Roger Riggs Wed, 20 Aug 2025 14:49:27 -0700

HI,

This seems like a reasonable idea.
For CharSequence, I would add them as default methods on CharSequence
and include the API Character.codePointCount(csq, begin, end)).
The char array version will still need to be in Character.


Regards, Roger

On 8/11/25 7:37 PM, Uchino Tatsunori wrote:

Dear Chen-san,

The beginIndex there is just a mistake that must have been removed.

String.codePointCount()

is the correct suggestion, as you can imagine. I am sorry for theconfusion.


Regards,

Tatsunori Uchino

2025/08/12 7:29 Chen Liang <chen.l.li...@oracle.com>:

    Hi Uchino, I think your request is sensible in general.

    Do you intend to require a beginIndex for the codePointCount for
    String?
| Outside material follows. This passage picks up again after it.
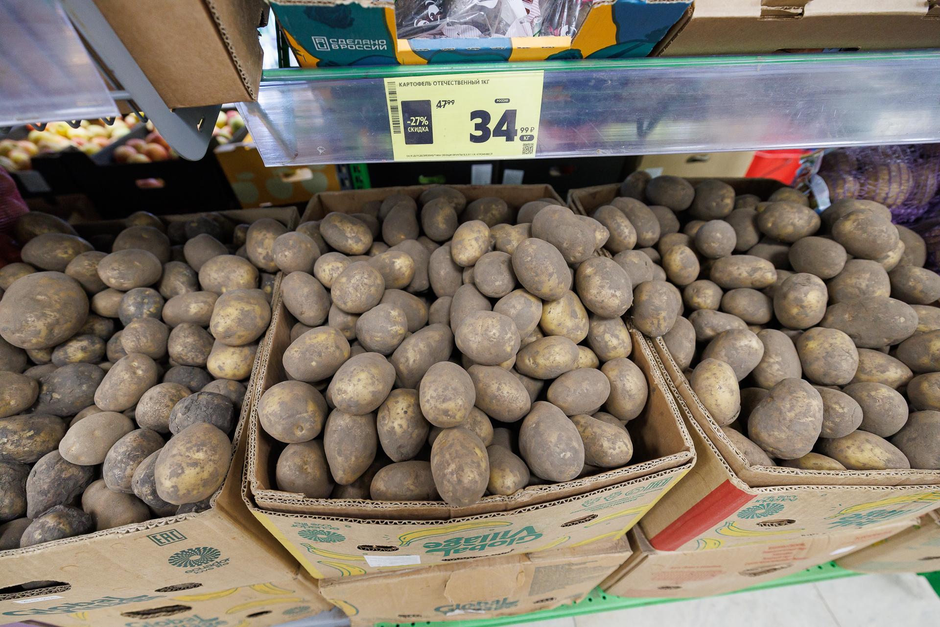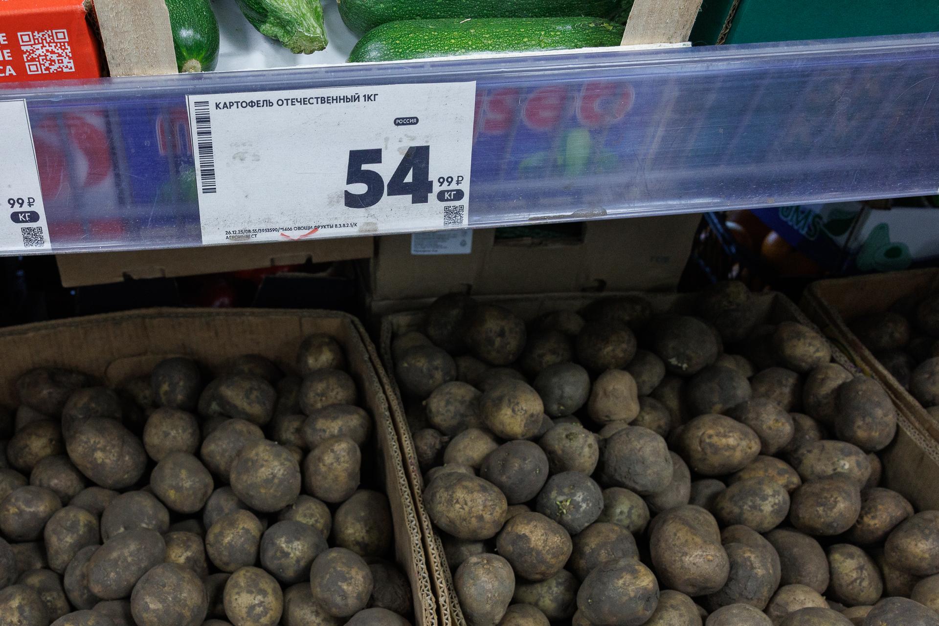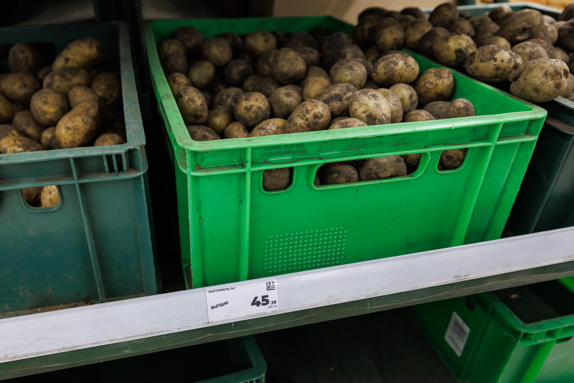 В «Пятёрочке» картофель в ноябре стоил 35 рублей за килограмм, через полтора месяца — 55 рублей.

I think a no-arg version suffices.

    Also forwarding this to i18n-dev as it is the locale-related list.

    P.S. When you reply, make sure you click "Reply all" so all the
    recipients of this current mail gets your reply. Otherwise, the
    reply is only sent to me, and others on the list won't see your reply.

    Regards, Chen
    ------------------------------------------------------------------------
    *From:* core-libs-dev <core-libs-dev-r...@openjdk.org> on behalf
    of Uchino Tatsunori <tat...@live.jp>
    *Sent:* Monday, August 11, 2025 6:54 AM
    *To:* core-libs-dev@openjdk.org <core-libs-dev@openjdk.org>
    *Subject:* I'd like add no-argument overloads to CharSequence,
    String, and StringBuilder (JDK-8364007)
    Dear core-libs developers,

    I'd like to add the following overloads:

    • Character.codePointCount(CharSequence seq)
    • Character.codePointCount(char[] a)
    • String.codePointCount(int beginIndex)
    • StringBuffer.codePointCount()
    • StringBuilder.codePointCount()

    and created a patch (https://github.com/openjdk/jdk/pull/26461).

    Why:

    There have already been similar overloads with the start and end
    indicies by JSR 204 (JDK-4985217). They are thought to have been
    designed with a priority on versatility. They make the
    specification of indices mandatory, but have the following
    disadvantages:

    1. The string expression have to be written twice. Unlike C#, Java
    has no equivalent of extended methods.
    2. Unneccesary boundary checks are mixed in.
    3. The most userland code tries to calculate the number of code
    points in the entire stirng.
    4. Some other languages can count the number of code points in a
    single function without extra arguments (e.g. len() in Python3)

    For 3., e.g.:

    • VARCHAR in MySQL & PostgreSQL counts the number of characters in
    the unit of code points. e.g. VARCHAR(20) means that the limit is
    20 code points, not 20 UTF-16 code units (20 chars in Java)
    • NIST Special Publication 800-63B stiplates that the password
    length must be counted as the unit of code points. (Quote from
    
https://pages.nist.gov/800-63-3/sp800-63b.html#-5112-memorized-secret-verifiers
    : "For purposes of the above length requirements, each Unicode
    code point SHALL be counted as a single character.")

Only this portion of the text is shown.